Set down exactly the lines running from the one with "<B>Fr. 91 $5" to the last line of the listing below, both included, and skip every picture.

- [INFORMATION SUPPLIED]
◇ ◇ ◇ ◇ ◇

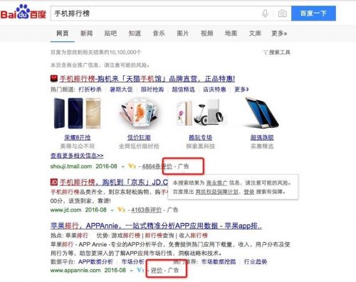 作為受影響最大的百度搜索,TechWeb查詢發(fā)現(xiàn),目前百度的搜索結果頁面的廣告樣式已經(jīng)由原來的“商業(yè)推廣”變成“廣告”二字描述了。
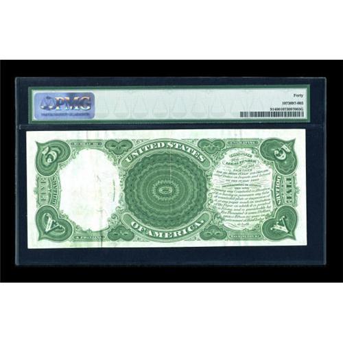 <B>Fr. 91 $5 1907 Legal Tender PMG Extremely Fine 40.</B></I> A nice example of the interesting minor variety with "PCBLIC" error on the back. It is a far more convincing piece than many we have seen of late.<BR><BR><b>Shipping:</b> Coins & Currency (<a target="_blank" href="http://www.heritageauctions.com/common/shipping.php">view shipping information</a>)
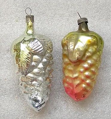 Title (ebay affiliate link): 2 Antique Vintage Silver Glass Xmas Christmas Tree Ornaments - PineCones

◇ ◇ ◇ ◇ ◇

- [ANSWER SECTION]
 <B>Fr. 91 $5 1907 Legal Tender PMG Extremely Fine 40.</B></I> A nice example of the interesting minor variety with "PCBLIC" error on the back. It is a far more convincing piece than many we have seen of late.<BR><BR><b>Shipping:</b> Coins & Currency (<a target="_blank" href="http://www.heritageauctions.com/common/shipping.php">view shipping information</a>)
 Title (ebay affiliate link): 2 Antique Vintage Silver Glass Xmas Christmas Tree Ornaments - PineCones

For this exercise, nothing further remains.